Work request
Where the data below begins, start retyping exactly, and end on the line with "Tavolo in pietra", which is included; no picture goes in.

■ ■ ■ ■ ■ ■ ■

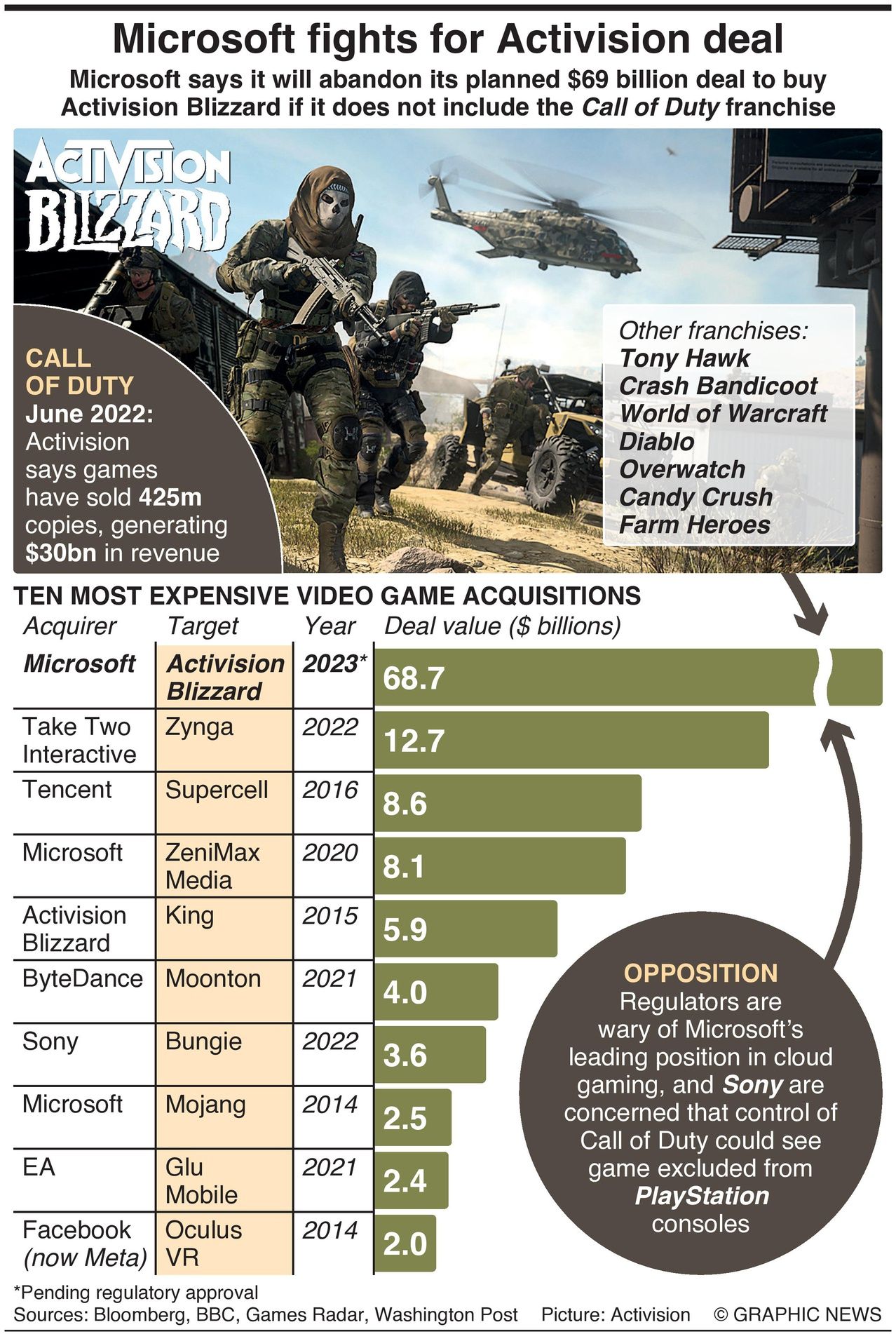 Microsoft says it will abandon its planned $69 billion deal to buy Activision Blizzard if it does not include the “Call of Duty” franchise.
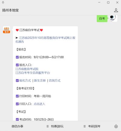 微信搜索并关注公众号【扬州本地宝】,私信聊天框回复【自考】即可获取扬州/江苏高等教育自学考试成绩查询、成绩复核及新一轮考试报名安排。 本文来自www.sitecms
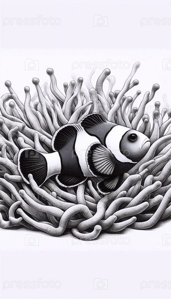 Клоунфиш чернила рисование арт-принт, Ai generated image A
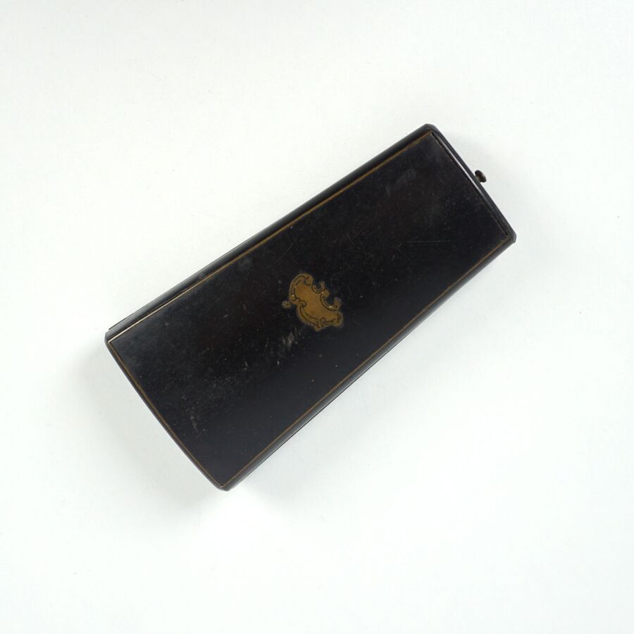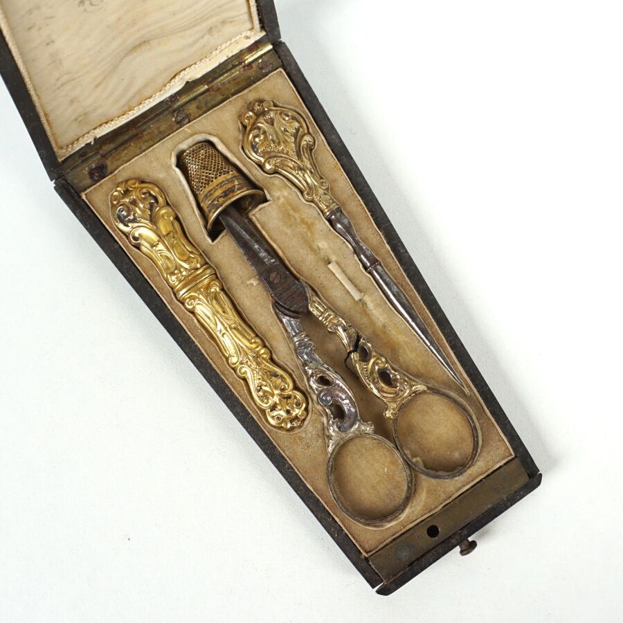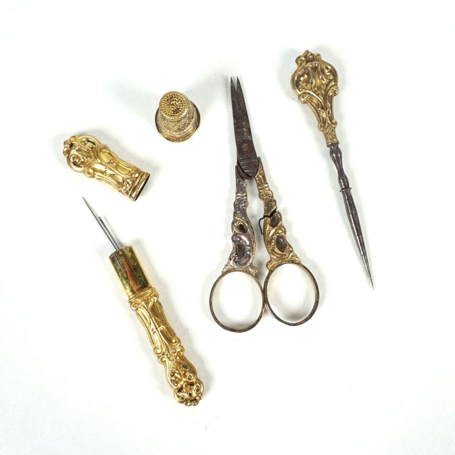Nécessaire de couture en vermeil (800/oo) et métal, poinçon sanglier, comprenant un porte-aiguilles, un dé à coudre, une pointe et une paire ciseau (accidentée), présenté en coffret d'origine, 19ème siècle (usures).
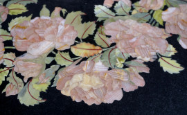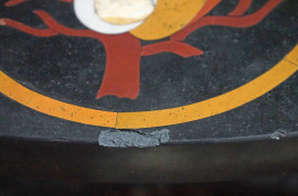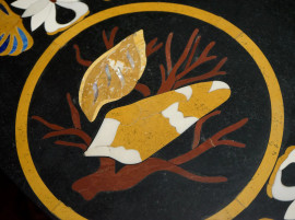 Tavolo in pietra lavica con piano circolare in commesso di marmi policromi, XX secolo, diametro cm 130, altezza cm 75
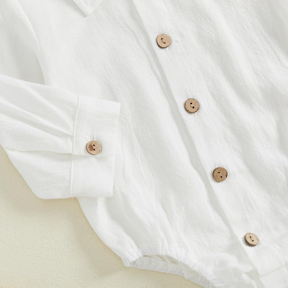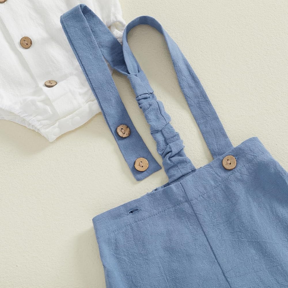 Infant Baby Boys Dress Outfit Sets Long Sleeve Lapel Collar Button Up Romper Solid Color Overalls Suspender Pants Sets Toddler Boys Fall Winter Spring Cotton Clothes Suit Formal Wedding Photoshoot Gentleman Outfit
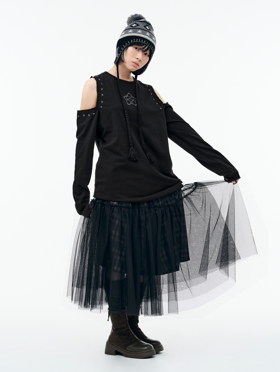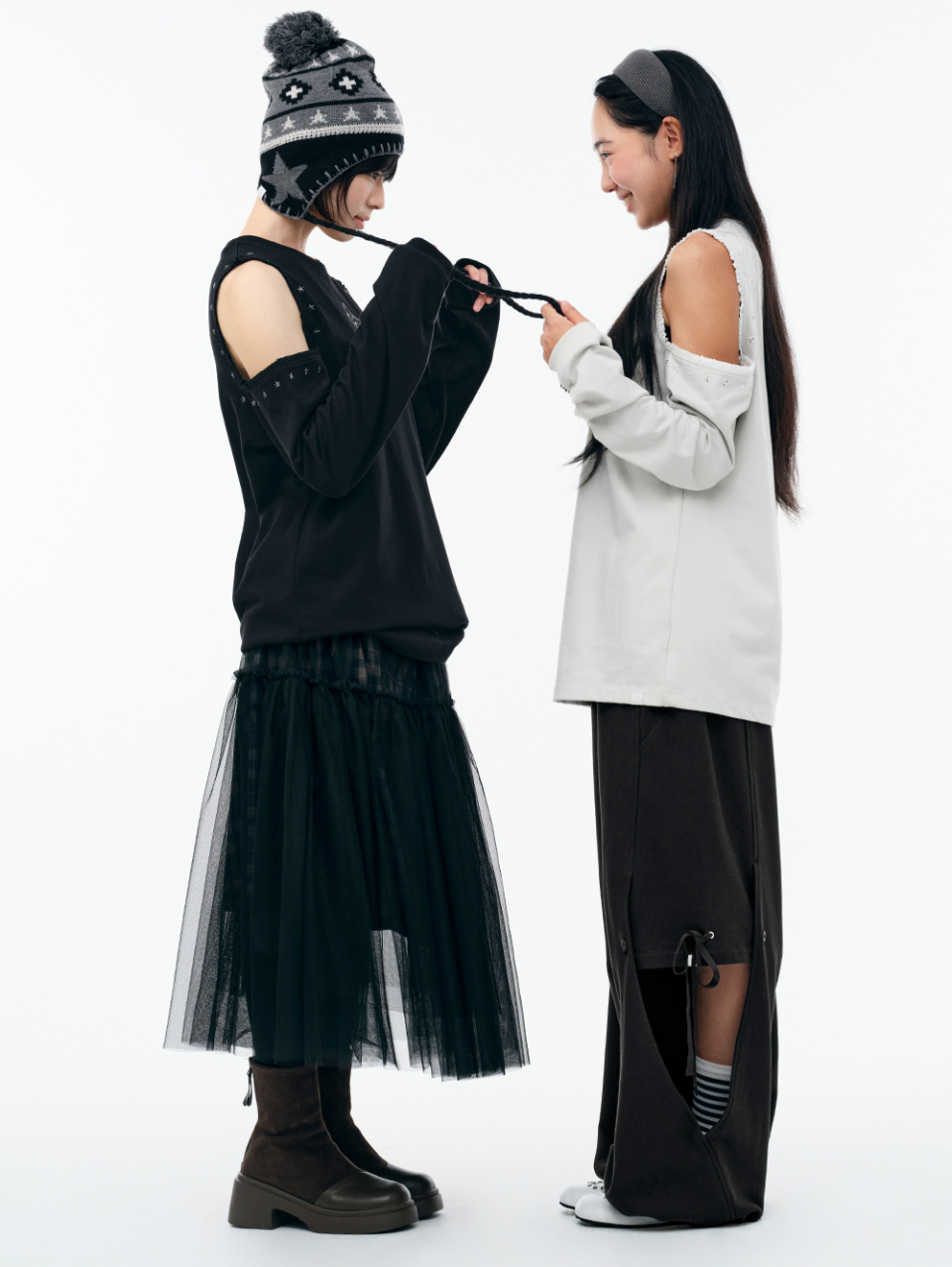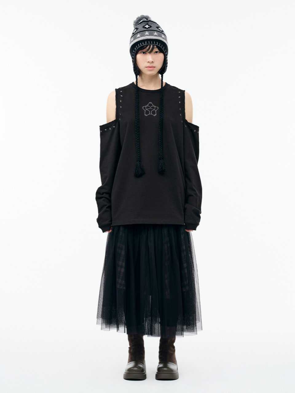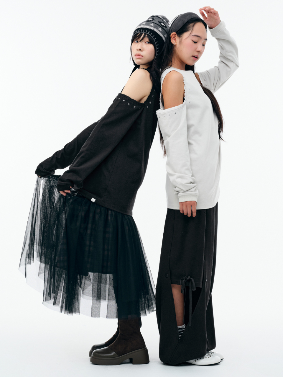 WXT067 구르구르 아플리케 원숄더 맨투맨 (MELANGE GRAY)
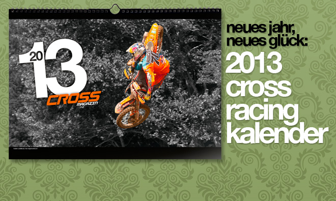 Wer bereits ein Abonnement des CROSS Magazins hat, bekommt den CROSS Racing-Kalender 2013 übrigens zum Vorzugspreis von nur 9,95 Euro (inkl. MwSt. und Versandkosten)! Einfach bei der Bestellung die entsprechende Option auswählen.
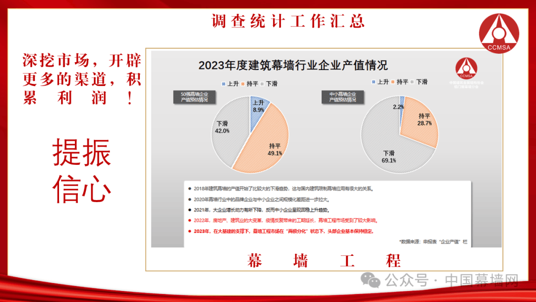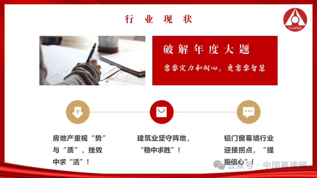 当前经济发展面临着三大挑战:一是消费信心需要时间来修复;二是国际贸易出口形势严峻;三是房地产遗留问题亟待解决,特别是与建筑总包、门窗幕墙分包、材料企业之间的“三角债”问题。回望过去的一年,中国经济经历了下滑、扭转、恢复、回稳的四个阶段;建筑业依然是拉动内需的一大利器,稳中求胜;房地产负增长严重但体量仍然巨大,正在挫中求活;门窗幕墙行业产值下降但信心不减,要首重质再重量。
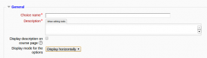 Escriba aquí la descripción de la actividad de elección. Elija "Mostrar herramientas para edición " para mostrar el editor de texto enriquecido y arrastre y suelte la esquina inferior derecha de la caja de texto para expanderla. Esta parte debe contener la pregunta que Usted quiere que respondan sus estudiantes. Un ejemplo del texto de una elección podría ser "¿Cual es su color favorito?" También hay una opción para mostrar la descripción de la elección en la página del curso, debajo del enlace hacia la actividad.
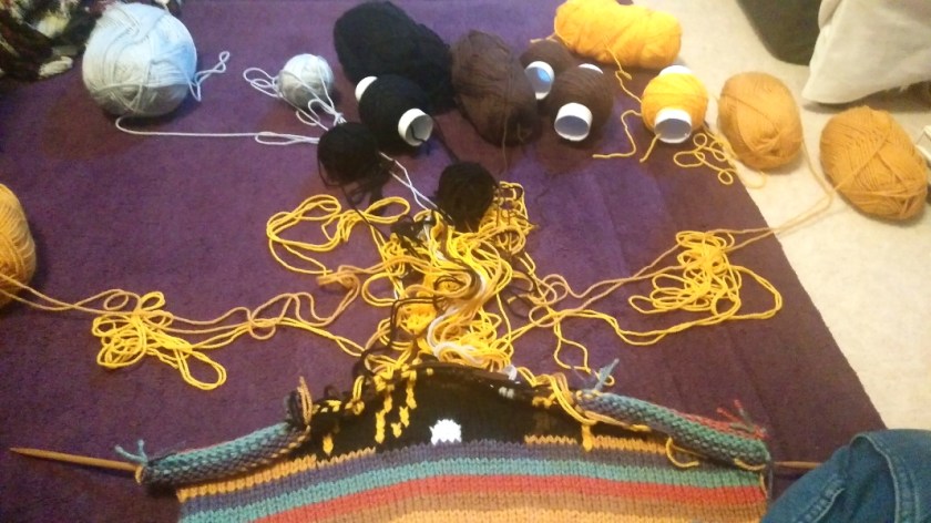 The basic jumper pattern is a simple knit, it is only the graphic cat face design which was a challenge! I chose to blend the methods of Intarsia and Fair Isle to do the multiple colour changes and keep track of my MANY yarn ends. For much of the graphic portion, I had to knit a row, put the work down and UNTANGLE all of the attached balls of yarn, before picking it up and continuing the work.
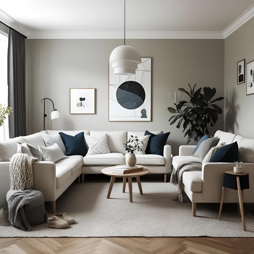 - Colors: Soft neutrals — whites, greys, beiges — paired with subtle pastels or charcoal accents
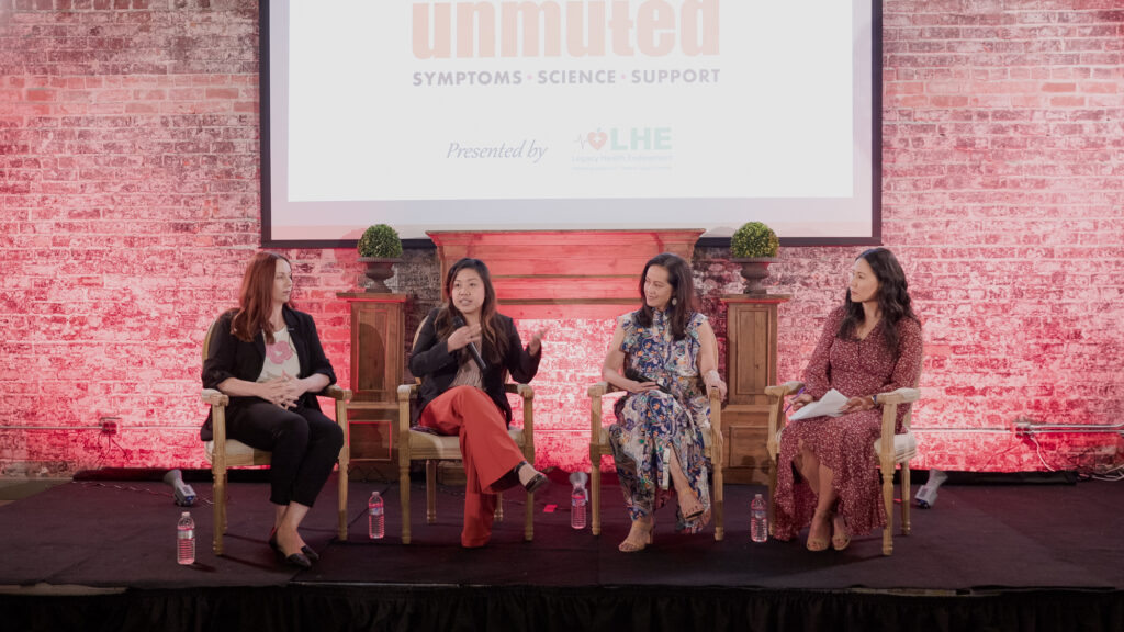 Dra. RaeLeigh Payanes, MD, Karen Rayos, MD, Dra. Tina Sogocio y la moderadora Jessica Chang Irish dirigieron un panel en Midlife Unmuted, un almuerzo y conversación reflexiva centrados en la menopausia y la perimenopausia.

■ ■ ■ ■ ■ ■ ■

Solution for this task
 Microsoft says it will abandon its planned $69 billion deal to buy Activision Blizzard if it does not include the “Call of Duty” franchise.
 微信搜索并关注公众号【扬州本地宝】,私信聊天框回复【自考】即可获取扬州/江苏高等教育自学考试成绩查询、成绩复核及新一轮考试报名安排。 本文来自www.sitecms
 Клоунфиш чернила рисование арт-принт, Ai generated image A
Nécessaire de couture en vermeil (800/oo) et métal, poinçon sanglier, comprenant un porte-aiguilles, un dé à coudre, une pointe et une paire ciseau (accidentée), présenté en coffret d'origine, 19ème siècle (usures).
 Tavolo in pietra lavica con piano circolare in commesso di marmi policromi, XX secolo, diametro cm 130, altezza cm 75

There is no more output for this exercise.